A hodge-podge of unconnected facts and ideas. The writer bounces like a pinball between competing assertions.

He understands the difficulties caused by regulators, but he ignores the history that created both them, and the monopoly they were designed to oversee. He doesn't understand (or at least doesn't address) that transition from a monopoly to a duopoly was just pissing in the soup. It didn't create a competitive environment, and it's not in the regulator's charter to do so: that's a political and legal construction. If we want an environment where providers can rise to strength based on their ability to give end-users what they want, we can't look to regulators to provide it: that requires policy change.

He correctly questions the statistical method of the OECD's report on broadband (consistent with the need to question any statistic):

"The principal metric used by OECD to rank broadband penetration is broadband lines per 100 people, which is at best misleading and at worst meaningless. Because it doesn't separate business and residential users and fails to account for differences in household composition, the OECD ranking -- Canada 10th and the United States 15th -- is highly suspect.

Then what does he do? He jumps to "a recent report": "As for the quality of Canadian connectivity, a recent report found the average download speed for Canada was 4.2 megabits a second, compared to 3.2 Mbps for France. Technology is advancing quickly and speeds of 200 Mbps and faster will soon be commonplace. Indeed, there are pockets in Canada where such services already exist."

What report? Using what statistical method? Does he think 200 Mbps is the ne plus ultra of throughput?

---

It's not worth our time to list the article's other inconsistencies and logical failures, of which there are many. A quick scan of the author's material elsewhere doesn't reveal any obvious bias, so maybe he's just putting in a word for legacy monopolists.

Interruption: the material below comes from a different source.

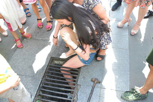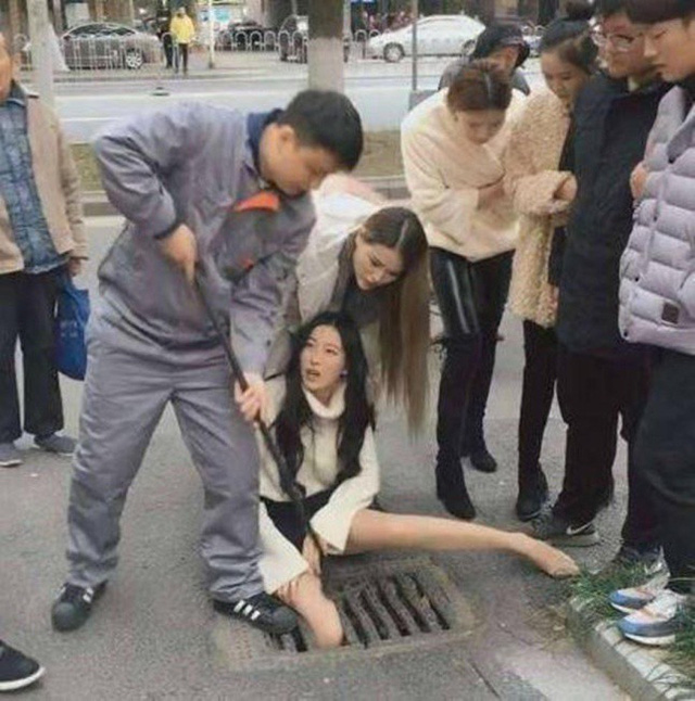 Do mải mê với chiếc điện thoại trên tay, không chú ý đường đi, một cô gái Trung Quốc khoảng 20 tuổi đã bước hụt chân vào ống cống thoát nước. Phần đùi của cô bị kẹt cứng giữa các thanh kim loại.

There's a hint of xenophobia, protectionism and incumbent apologetics in his complaint about "... a lot of chutzpah for a foreign investor for whom Industry Minister Tony Clement bent the rules." The contradictions in his approach seem to escape him. Is he complaining about the lack of a truly competitive environment, such that a minister had to make an "exception"? What does it say about status quo when a minister must override the regulator? That is, when the rules must be broken to create competition?

As for the author's poorly-nested claim that incumbents like Bell and Telus would best serve Canadians, full stop. There's a lot of ugly history that's been ignored here.

The article serves readers very poorly. It's a wreck.